Parents: Children need to be protected while online

Children play games on a tablet. Parents should regulate the time children spend on the phone by replacing phone play time with outdoor games. Photo by Gillian Nantume

What you need to know:

  • The internet is not only a treasure trove for endless nurses rhymes and child-friendly applications for mobile devices such as Toca Boca.

How do I keep my children safe online? This is a question that many parents think about intensely. With tech companies and other platforms that host user-generated content able to harm children online in as many ways possible, a duty of care to keep them safe takes on prime importance.

The internet is not only a treasure trove for endless nurses rhymes and child-friendly applications for mobile devices such as Toca Boca.

There is also disturbing content disguised as child-friendly that usually takes up a disproportionate amount of children’s screen time.

For today’s parents, shielding their children from harmful content can be akin to a full-time job. Ms Miriam Nalwoga, a mother of three, told this publication that online platforms “started the decay of our moral fibre as a society.”

There is evidence to suggest that most of the online platforms that keep parents like Ms Nalwoga worried have content that includes child sexual abuse material, revenge pornography, selling illegal drugs, and terrorism.

The most pressing concern for parents this side of the year appears to be content that is predisposing children to acts of homosexuality.
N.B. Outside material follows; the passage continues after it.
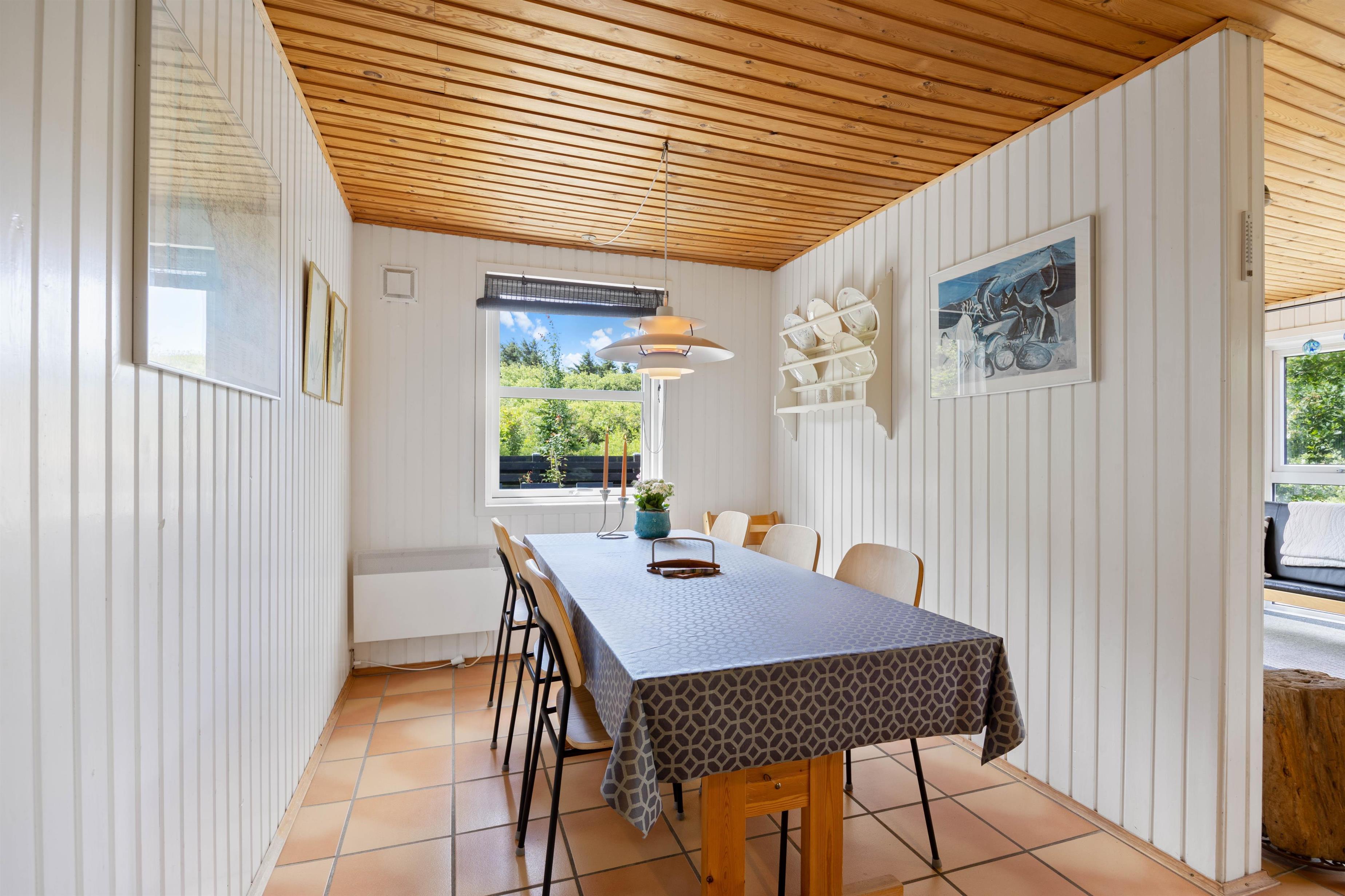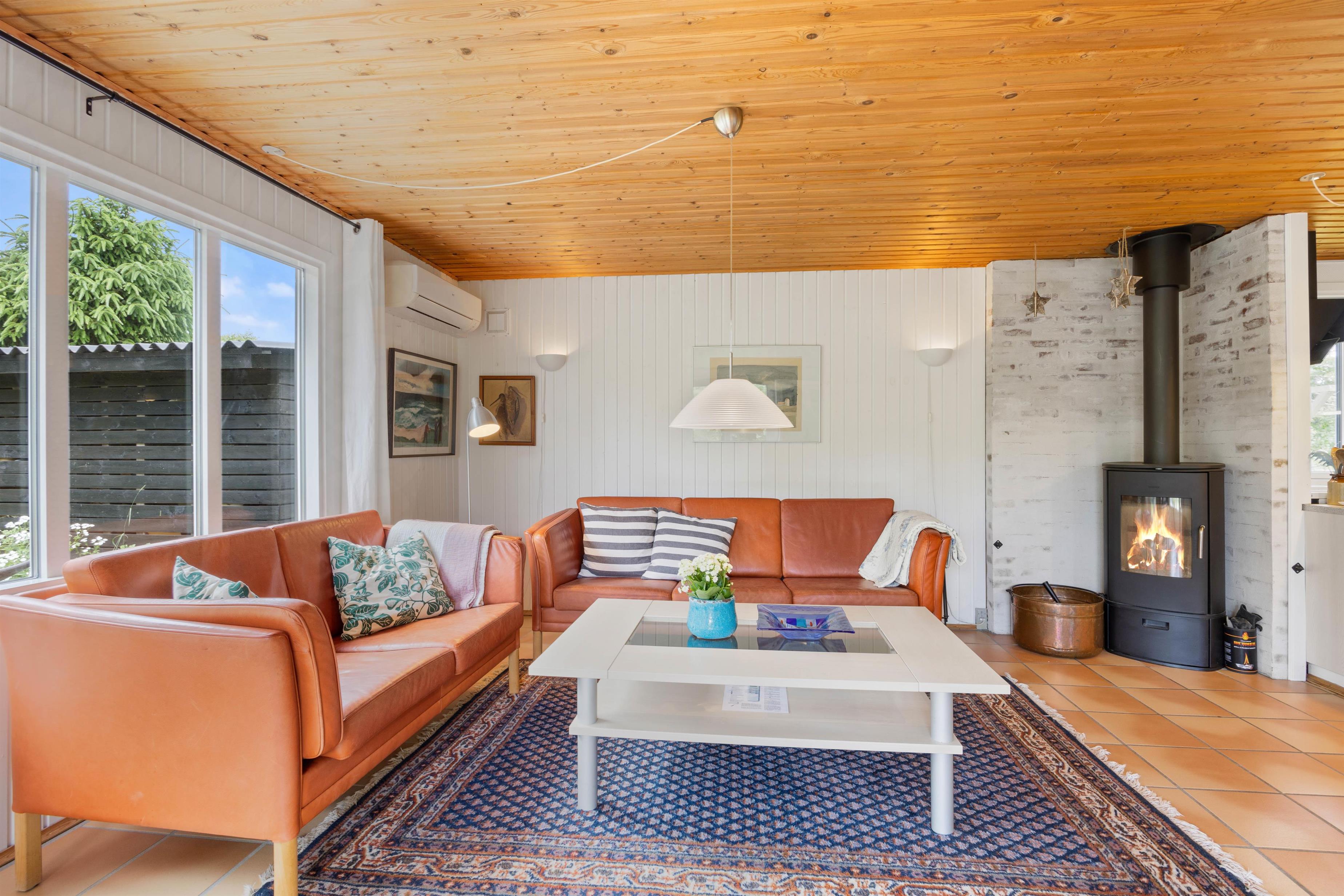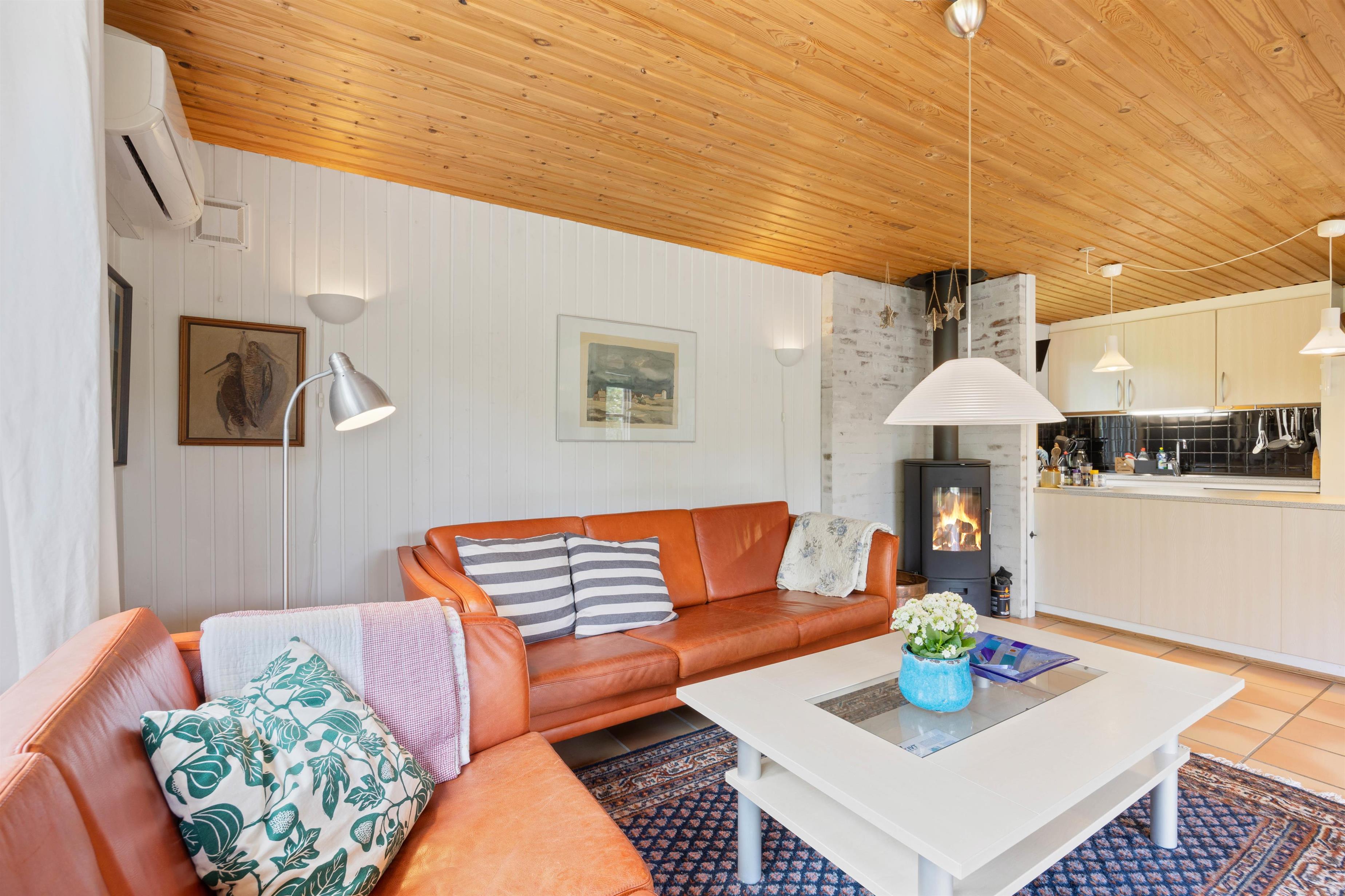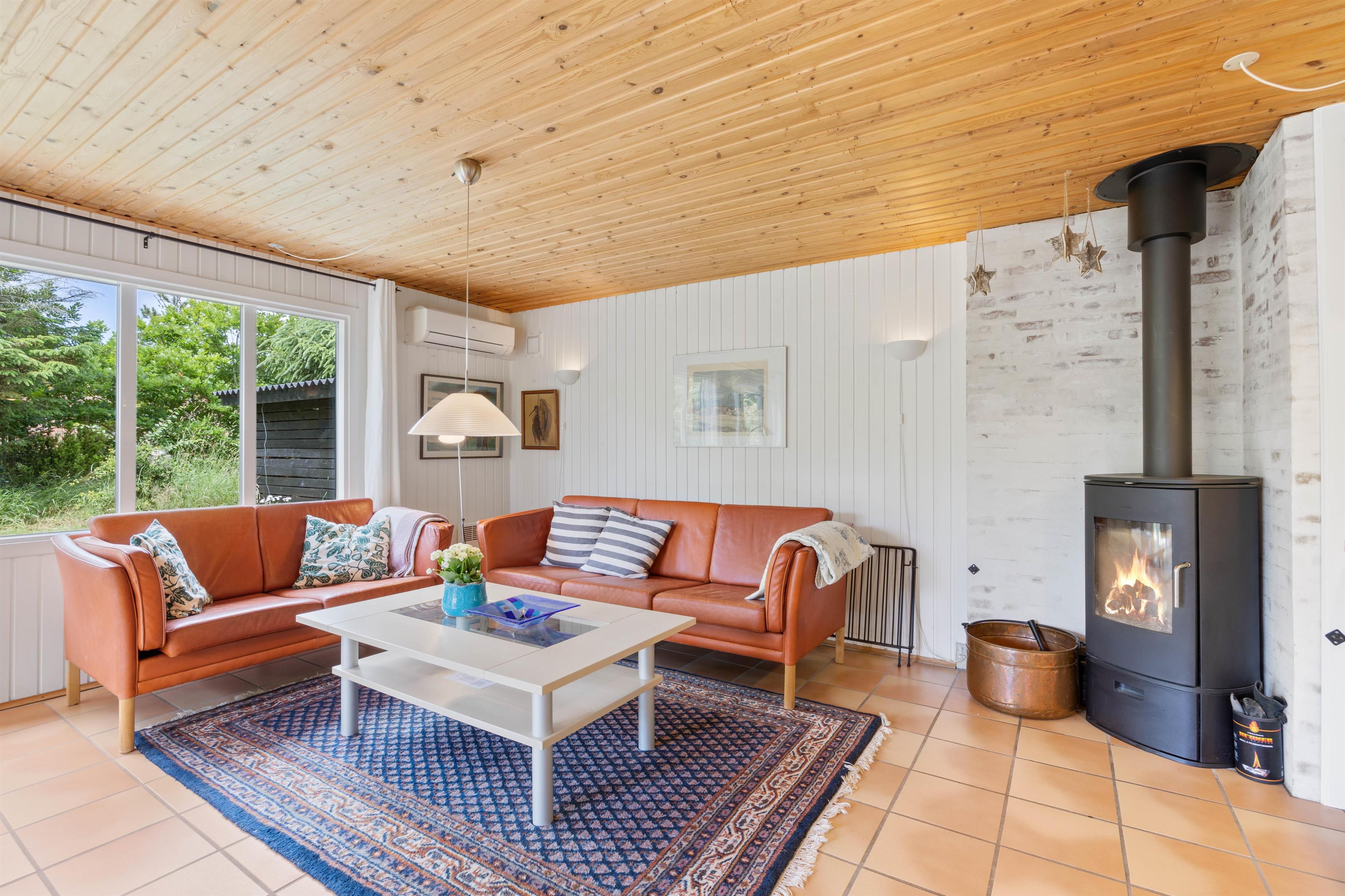 Når I træder ind i sommerhuset på Koglevej i Lodbjerg Hede, vil I straks blive mødt af den hyggelige sommerhusatmosfære, som huset emmer af. Her findes alle de elementer, som man forbinder med sommerhus: panelbeklædte vægge, lun brændeovn, hyggelige kroge og behagelige møbler, hvor man kan slappe af i.

In the past fortnight, a video of an alleged gay couple in a Wakiso-based private school became the subject of discussion on the floor of Parliament.

This week Mr Thomas Tayebwa, the deputy Speaker, told the House that “it seems our schools have been penetrated completely [by homosexuality.”

Ms Jackie Muwanguzi, a primary school teacher in Wakiso District, told this publication that since “children are known to be very inquisitive[, they]  will always try to acquaint themselves with anything that is made to trend, including homosexuality.”

Her counsel? “ I urge parents to watch what their children do with their phones and regulate it as much as possible. In fact, if possible do not allow your child to have a phone until a time when they are old enough to have phones.”

While the amended Computer Misuse Act has made news for all the wrong reasons, at least according to free speech activists, observers have hailed it for attempting to protect children from harm online.

Mr Gad Arthur Kisaalu, a human rights lawyer, says Section 23 of the legislation noticeably places duties of care on those that share “information about children.” It says that such information should be “in the best interest of the child.” It prescribes criminal liability punishable by a seven-year jail sentence for those that run foul of the law.

While this is refreshing for a piece of legislation that has been seen as a wide-reaching legal tool of state power and censorship, parents are alive to the fact that online platforms can circumvent it.

While the said platforms are instrumental in bridging the information gap, many see them as a time bomb that will imperil children.

Concerned parent

Mr Hannington Bugingo, a parent who is active on social media, notes that the impact of inappropriate content is not immediate. If not regulated, he adds, it builds slowly with dire consequences.

“I was very happy when my 16-year-old son deactivated all his social media pages once he learnt from his school that some of the things or people he follows on social media may come back to haunt him later in his professional career and family,” said, concluding: “I think they should not have social media accounts or be exposed to the same.”